[Stored records]
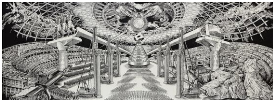
1. Dyslympics 2680 , woodcut print (Japanese paper, oil ink), 2018

Award: The 8th 'Tradition créatrice' Art Award, Japan Arts Foundation, 2016.
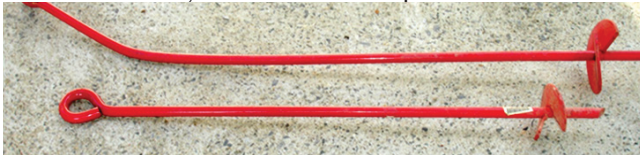
Fig. 10. 40" length and 30" length earth augers

Grainger 4LVK4 or equiv 30" long with 3" diameter auger screwed in earth under slab at a 45 degree angle, from horizontal, minimum 24" deep.
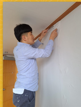
Last April 15, the Brothers put new wallpaper in one room of our house in Seoul.
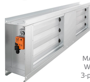
MAK E ... F 02 With actuator 3-point control

> **Work order**
Please output the lines from the line that contains "Last April 15, the" through the end of the records, both ends included, exactly and with no pictures.

> **Solution to the problem**
Last April 15, the Brothers put new wallpaper in one room of our house in Seoul.
MAK E ... F 02 With actuator 3-point control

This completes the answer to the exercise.